SUS: 1 real por dia, 2 bilhões de procedimentos
Ver o SUS como sinônimo apenas de filas, péssimos serviços e desrespeito ao paciente é contribuir para o retrocesso do maior e mais ousado programa de saúde pública do mundo. Dizer que é um sistema pobre para pobres é entregar a saúde dos nossos filhos e netos nas mãos dos convênios e seguros, em que predominam as leis de mercado.

O SUS realiza cerca de 2,21 bilhões de procedimentos por ano, 12 milhões de internações. Conta com 6.200 hospitais vinculados e 63 mil unidades de saúde. Cuida de 140 milhões de brasileiros que não têm acesso a nenhum outro serviço médico.

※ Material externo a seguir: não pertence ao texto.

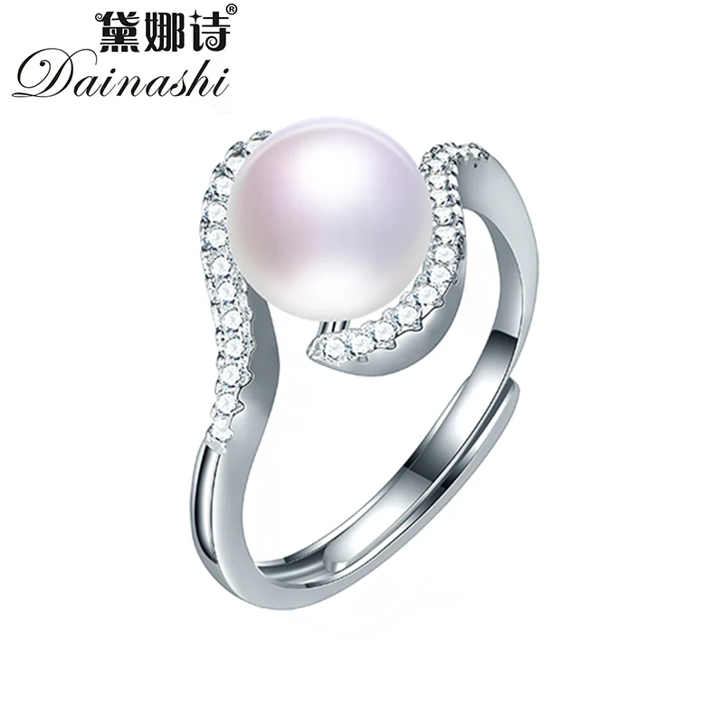 Dainashi 100% Кольцо с натуральным пресноводным культивированным жемчугом модное кольцо "S" 925 пробы с серебряным кристаллом и цирконием регулиру...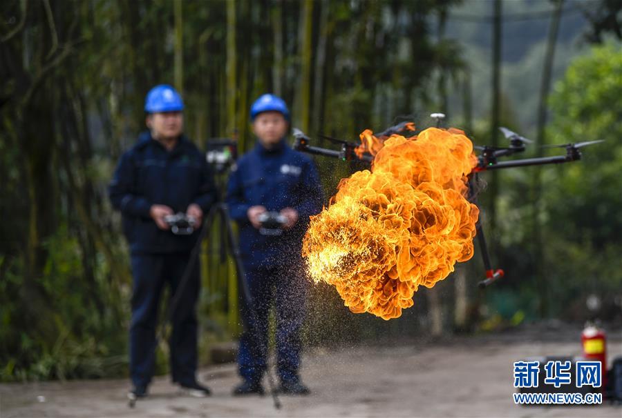 1月16日,噴火清障無人機在國網(wǎng)重慶永川供電公司無人機班兩名操作手的控制下進行噴火清障作業(yè)演示。 1月16日,經(jīng)過3年多的研發(fā)和測試,重慶首臺噴火清障無人機在國網(wǎng)重慶永川供電公司無人機班正式投用。這臺多旋翼無人機,通過搭載帶有燃料箱、油泵、自動點火裝置的噴火吊艙任務(wù)模塊,可以對影響高空電力線路安全的飄掛物進行定點障礙清除作業(yè)。 據(jù)噴火清障無人機研發(fā)負責人何濤介紹,過去高空清除異物主要靠人工進行,為保證安全經(jīng)常需要停電作業(yè),因此他們結(jié)合實際工作經(jīng)驗和高空電力線路的自身特點,設(shè)計和制造出了噴火清障無人機。2018年測試期間,國網(wǎng)重慶永川供電公司無人機班在多種環(huán)境下成功執(zhí)行了50多次高空電力線路清障作業(yè)。 新華社記者 劉潺 攝
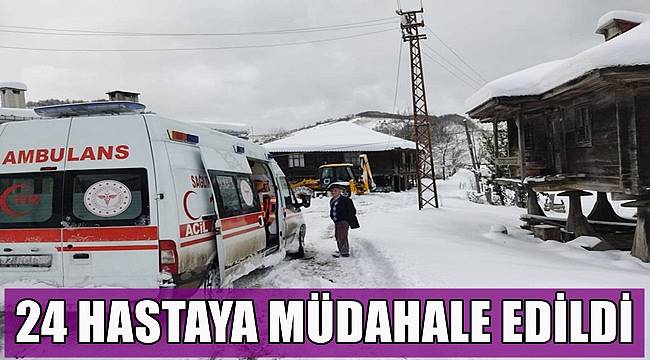 Kar yağışıyla birlikte cenaze bulunan 9 mahalle ve grup yoluna acil müdahale edilirken 24 hastanın ise hastanelere ulaşması sağlandı.

E ainda se ocupa de boa parte dos 41 milhões que têm planos de saúde, mas são “abandonados” quando passam a “custar” caro demais.

Esse é o tamanho do SUS. Mas o retrato que fica, reforçado pela mídia, é o das longas esperas, profissionais insuficientes, falta de vagas e leitos, exames que demoram e cirurgias que chegam tarde demais. Principalmente quando alguém morre na fila, mesmo que a morte nada tenha a ver com falta ou demora no atendimento. Toda vez que isso acontece, mais pessoas passam a sonhar com um plano de saúde, como se fosse garantia de vida para elas e seus familiares. 

A criação do SUS é resultado de décadas de militância dos movimentos sanitaristas, serve de modelo para países pobres e em desenvolvimento e nada deve a modelos como o sistema canadense e de alguns países europeus, nos quais não se paga nada pela saúde. Mas o investimento do Brasil em saúde é pelo menos quatro vezes menor que a média de países europeus. União, estados e municípios investem cerca de 72 bilhões de reais por ano, o que significa 411 reais por habitante – pouco mais de 1 real por dia por pessoa, para um atendimento que inclui todas as cirurgias mais caras, os transplantes mais complexos, 150 milhões de consultas e 300 milhões de exames ambulatoriais.

Se o SUS não andar bem, todo o sistema de saúde andará mal. O crescimento dos gastos privados – já são 87 bilhões de reais por ano – indica que o Estado está deixando de fazer sua parte. E que o sistema está passando do modelo público e universal – como prevê a Constituição – para um sistema de mercado, que gera renúncia fiscal de até 9 bilhões de reais por ano. Hospitais públicos atendem planos privados. Infra-estrutura e equipamentos públicos beneficiam empresas e uma parte privilegiada da população. Os planos não reembolsam o SUS, como deveriam, quando um “cliente” seu é atendido na rede pública.

O sistema sofre, ainda, com investidas que defendem, por exemplo, a transferência de instituições públicas para o comando das OS ou para as Oscip. Salvar o SUS requer dinheiro e credibilidade que só virão com o apoio da classe média, das forças sindicais e de atitude política. Assim, poderia atuar como um sistema ágil e mais humano. E não correria os riscos que corre diante dos interesses econômicos.